Clean Biomass For Cooking Fuel
From 2006 to 2016 the trust focused on giving grants to one of its very active partner organisations working in the field of decentralised renewable energy. Decentralised Energy Systems (India) Pvt. Ltd received several grants over the years not only for electricity generation but also for thermal projects. One of them was a grant to test and disseminate efficient cook stoves running on biomass pellets. The problem, which actually is a major problem that still persists in the District of Araria and indeed all over Bihar, is the problem of scarcity of cooking fuel. There is over 90% scarcity of cooking fuel and fodder for cattle and other domestic animals in the agricultural economy.

Quite apart from ruining the ecological base of the agriculture we depend on by depriving the soil and its organisms of biomass, the inefficient three stone cookstoves ruin the health of family members. Coughs, lung infections and persistent wheezing from smoke inhalation was and continues to be a problem in many families. The efficiency of these three stone cook stoves or the mud stoves without chimneys using this basic form of biomass is also very low.

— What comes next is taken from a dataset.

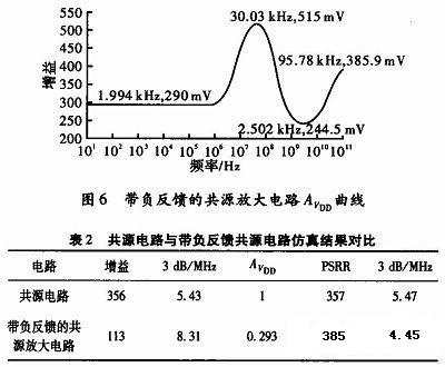 通過從VDD到輸出端能夠反方向影響電源波動的負增益改善PSRR,從而反映到放大電路的輸出端。共源放大器為應(yīng)用這一技術(shù)提供了支撐,結(jié)果已被證實。
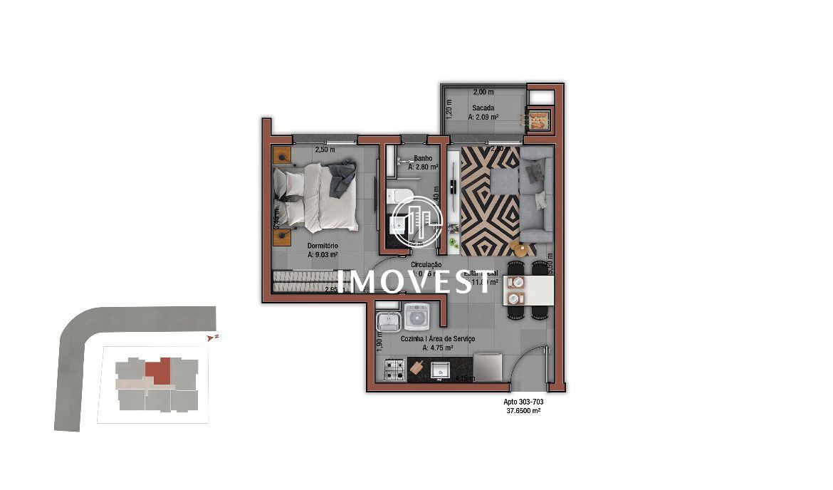 Apartamento com 1 Dormitórios à venda, 38 m² por R$ 296.000,00

Government programmes to enable people to climb up the fuel ladder and leave behind their polluting three stone cook stoves are not reaching all the people. Many people do today have LPG cylinders and do use them, but others cannot afford to use them. In the past the practice of collecting the last fallen leaf from the last tree, gathering free fuel to save money was the dominant practice.

The grant to Decentralised Energy Systems (India) Pvt. Ltd. supported the company to establish a businesses for clean cooking by financing the testing and test-marketing of energy efficient stoves with various types of processed and standardised fuels. A pelletising machine was imported but could not be successfully operated, and another one was procured and run. The idea was that village groups would be set up to process biomass residues such as corn cobs into cut and dried standard fuel for all types of energy efficient stoves. Energy efficient stoves were field tested and conditions for their acceptance by village women established. The project is now completed.

Though many families in the village do now have gas cylinders, many do not. The fuel wood crisis is as stark as ever. Now that this major project is closed, we nonetheless plan in a limited way to address the fuel wood problem. We are doing this as part of the organic farming project. We plan to at least grow enough cooking fuel for the families working for the trust, and to replace the three stone stoves and mud stoves with efficient ones.